Go through the records and give each one again exactly, omitting the images.

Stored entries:
════════════════════

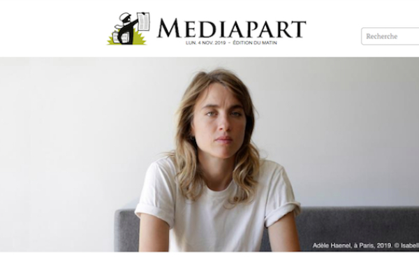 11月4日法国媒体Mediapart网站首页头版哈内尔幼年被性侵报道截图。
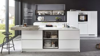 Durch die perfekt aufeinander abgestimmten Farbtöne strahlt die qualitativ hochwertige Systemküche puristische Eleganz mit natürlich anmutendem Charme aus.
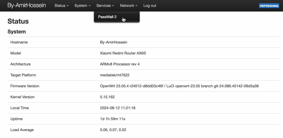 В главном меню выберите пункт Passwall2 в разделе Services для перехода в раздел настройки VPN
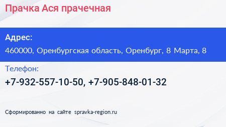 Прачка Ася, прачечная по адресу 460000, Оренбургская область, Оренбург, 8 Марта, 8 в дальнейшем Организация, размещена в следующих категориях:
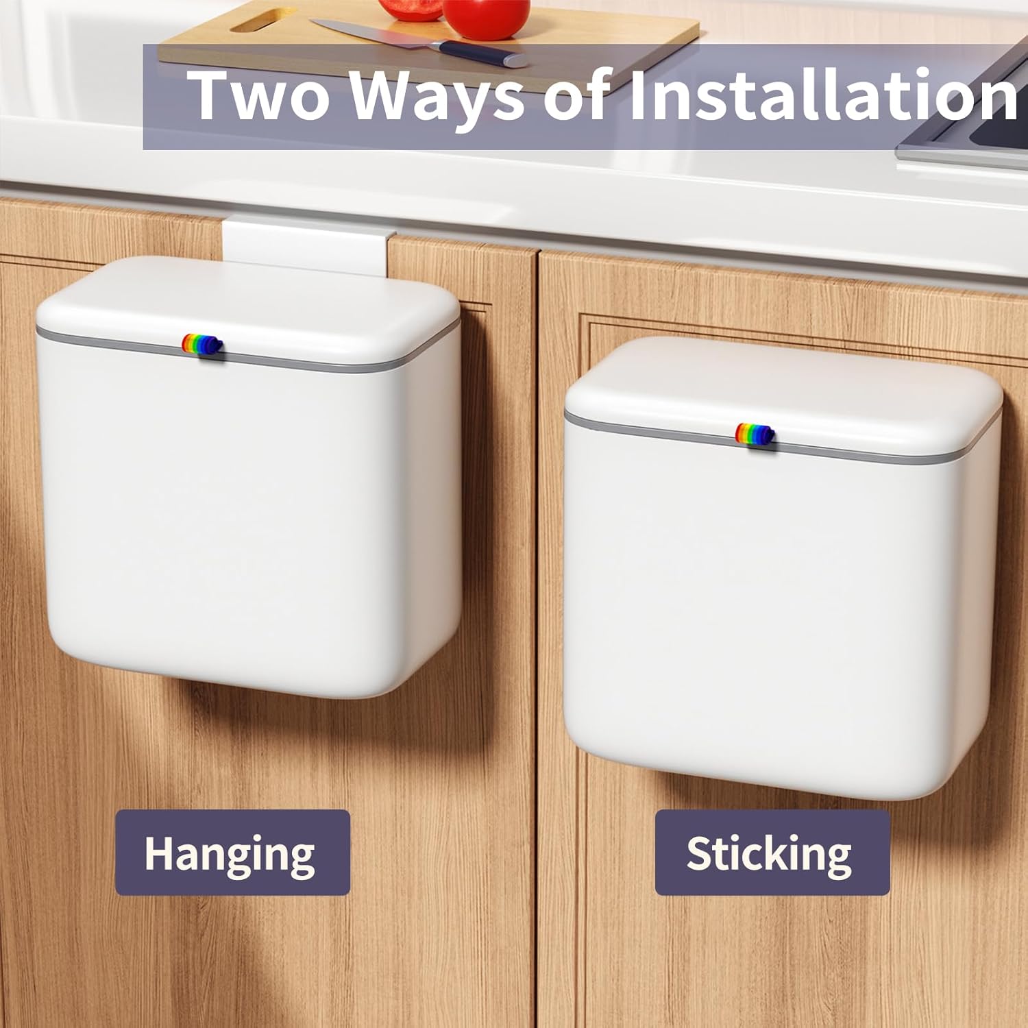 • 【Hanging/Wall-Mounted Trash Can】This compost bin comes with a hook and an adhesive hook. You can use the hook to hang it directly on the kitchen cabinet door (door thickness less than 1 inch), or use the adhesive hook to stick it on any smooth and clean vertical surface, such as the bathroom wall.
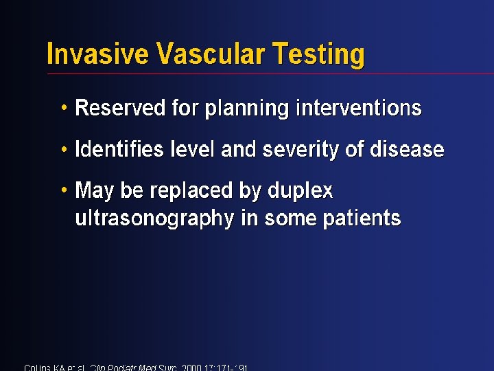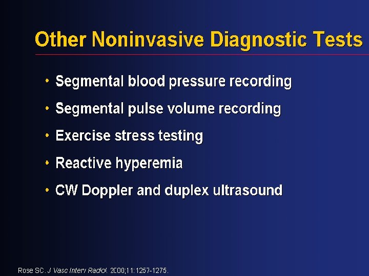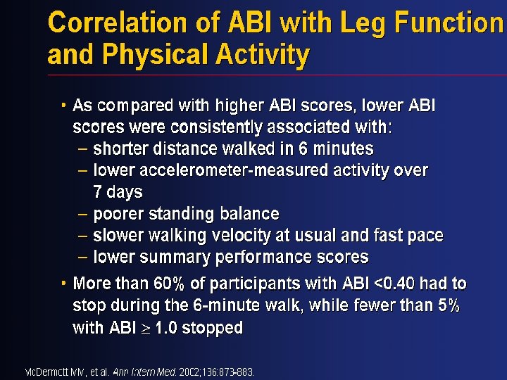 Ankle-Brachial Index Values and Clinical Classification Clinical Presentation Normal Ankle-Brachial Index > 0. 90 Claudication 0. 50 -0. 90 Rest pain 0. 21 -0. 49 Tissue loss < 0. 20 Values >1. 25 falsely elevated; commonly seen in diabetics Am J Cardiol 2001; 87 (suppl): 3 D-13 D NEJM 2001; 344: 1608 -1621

════════════════════

Answer to this exercise |
 11月4日法国媒体Mediapart网站首页头版哈内尔幼年被性侵报道截图。
 Durch die perfekt aufeinander abgestimmten Farbtöne strahlt die qualitativ hochwertige Systemküche puristische Eleganz mit natürlich anmutendem Charme aus.
 В главном меню выберите пункт Passwall2 в разделе Services для перехода в раздел настройки VPN
 Прачка Ася, прачечная по адресу 460000, Оренбургская область, Оренбург, 8 Марта, 8 в дальнейшем Организация, размещена в следующих категориях:
 • 【Hanging/Wall-Mounted Trash Can】This compost bin comes with a hook and an adhesive hook. You can use the hook to hang it directly on the kitchen cabinet door (door thickness less than 1 inch), or use the adhesive hook to stick it on any smooth and clean vertical surface, such as the bathroom wall.
 Ankle-Brachial Index Values and Clinical Classification Clinical Presentation Normal Ankle-Brachial Index > 0. 90 Claudication 0. 50 -0. 90 Rest pain 0. 21 -0. 49 Tissue loss < 0. 20 Values >1. 25 falsely elevated; commonly seen in diabetics Am J Cardiol 2001; 87 (suppl): 3 D-13 D NEJM 2001; 344: 1608 -1621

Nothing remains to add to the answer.